For the RHCE gene, two large partial gene deletions have been reported. One included exon 2 and extended beyond exon 10 [18], and another large internal deletion encompassed exons 2 through 8 [19]. A large chromosomal deletion involving both the RHD and RHCE genes, and the nearby D1S80 variable number of tandem repeats locus has been reported [20]. Besides the common whole RHD gene deletion [4], two large partial RHD gene deletions are known: the RHD allele c.1074–649_1153+266del995 represents a 995 nucleotide deletion encompassing 649 nucleotides of intron 7, all 80 nucleotides of exon 8 and 266 nucleotides of intron 8 [21], five transcripts with missing exon 8 were reported including the longest with 170 nucleotides of intron 7 attached to normal exon 9 and 10 with an open reading frame; and the RHD allele c.1228–4061_1254+1317del5405 represents a 5405 bp deletion encompassing 4061 nucleotides of intron 9, all 27 nucleotides of the exon 10 and 1317 nucleotides of 3′ UTR [22], a single transcript was reported involving RHD exons 1 to 9 followed by a sequence tract of RHD intron 9, termed pseudo-exon 10. These two partial RHD gene deletions still express some D protein representing a DEL phenotype. The RHD exon 10 deletion, common in France [22] and Northern Germany, was subsequently found in a transfused red cell product that caused a secondary anti-D immunization [23].

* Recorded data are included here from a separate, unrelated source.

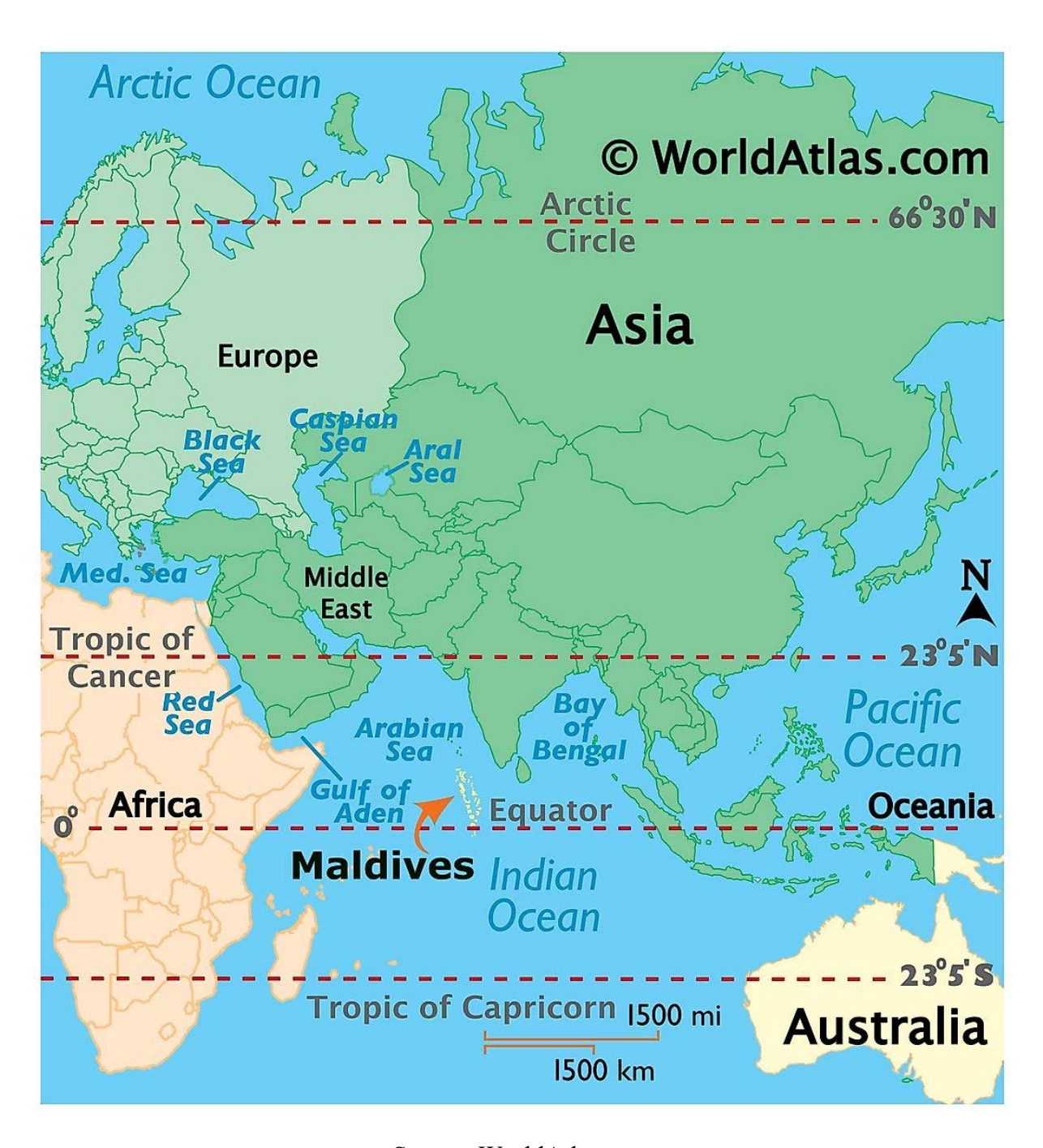
Appendix A: Map of Maldives
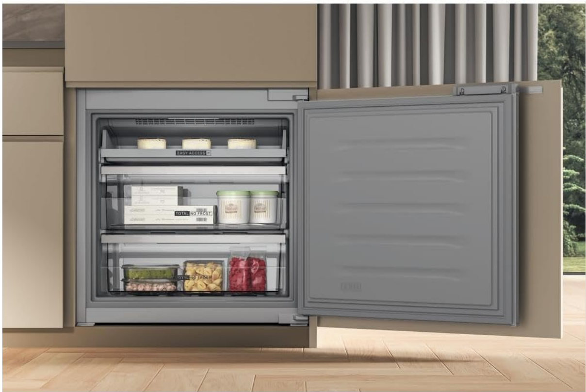
Figure 3.4: This image focuses on the freezer compartment, illustrating the pull-out drawers designed for organized storage of frozen goods, with 'TOTAL NO FROST' visible.
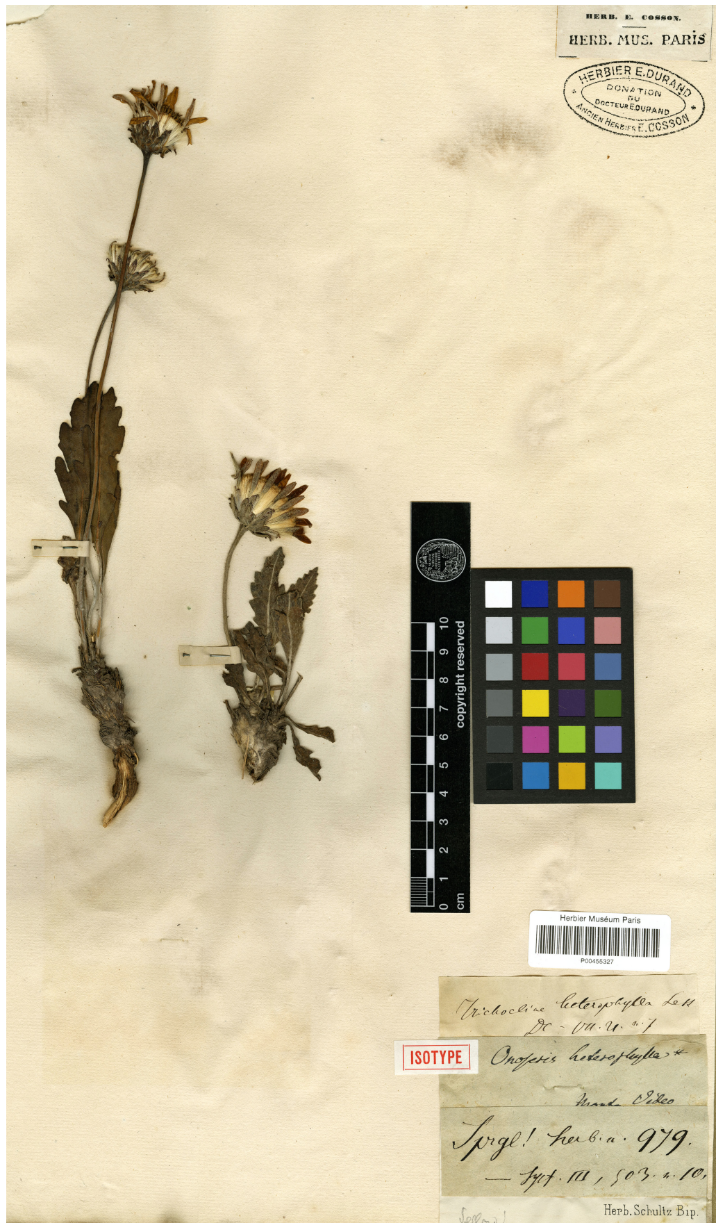
Fig. 2. Lectotype (P 00455327) of the name Onoseris heterophylla ( \equiv Trichocline heterophylla ).
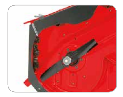
Mulching Kit Converts easily to a mulching deck.
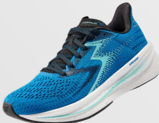
W Y2341-6809 Mykonos Blue/Black

In the present study, we describe three large RHD genomic deletions, two of which were novel, affecting stretches of 18.4, 5.4, and 7.6 kb in length and causing DEL or D-negative phenotypes. On the basis of analysis of the breakpoints, we discuss distinct mechanisms for the three deletions.

Materials and Methods

Study subjects

Two samples were collected as part of our screening at NIH of D-negative blood donors for the presence of RHD gene [3], another sample came from a blood donor in Springe, Germany. As described previously [24], RHD screens are a standard operating procedure in a growing number of blood centers, where this red cell-genotyping application for D-negative blood donations is covered by the donor consent form. EDTA–anticoagulated whole-blood samples were used for serology and DNA studies, and RNA tubes (PAXgene; PreAnalytiX, Hombrechtikon, Switzerland) were maintained at room temperature for up to 2 h, frozen and stored at −20 °C before RNA isolation. The analysis of the three donors was performed as case studies. We are planning to eventually report the cumulative data on RHD-positive samples found among our D-negative donors at NIH since 2009 including the current two donors.

Immunohematology

Hemagglutination tests were performed by standard tube and anti-IgG gel matrix testing with licensed reagents (Ortho, Raritan, NJ). An adsorption/elution method with human polyclonal anti-D was applied to test for the presence of a DEL phenotype [24]. Several RhD typing kits with 16 monoclonal anti-Ds were used to establish the epitope patterns as described previously [25]. Antibody screening and direct antiglobulin tests were negative for all three donors.

DNA and mRNA isolation

Genomic DNA was isolated from the buffy coat (Qiagen EZ1 DNA blood kit on the BioRobot EZ1; Qiagen, Valencia, CA) and mRNA from RNA tubes (Dynabeads mRNA DIRECT kit; Invitrogen, Carlsbad, CA). Primers were designed using software online (Primer3 [26], Supplementary Table S1 [4, 22, 27,28,29]).

RACE and cDNA sequencing

The 5′- and 3′-rapid amplification of cDNA ends (RACE) method was applied to the isolated mRNA (GeneRacer kit; Invitrogen) and reverse transcribed to cDNA using the Oligo(dT)-adapter primer (GeneRacer kit and SuperScript III First-Strand Synthesis SuperMix; Invitrogen). The resultant cDNA was then used as a template to obtain the 5′ and 3′ cDNA ends for nested polymerase chain reaction (PCR) amplification (GeneRacer primers included in the GeneRacer kit) with RHD or TMEM50A cDNA primers (Supplementary Table S1). No cDNA analysis was done for sample 2, because the cDNA sequence for this RHD deletion had been published before [22].

The PCR amplicons were purified and sequenced (BigDye Terminator v3.1; Applied Biosystems, Carlsbad, CA) as described previously [30]. Nucleotide sequences were aligned (CodonCode Aligner; CodonCode, Dedham, MA) to NCBI RefSeq NM_016124.4 and nucleotide positions defined using the first nucleotide of the coding sequence of RefSeq NM_016124.4 (RHD isoform 1).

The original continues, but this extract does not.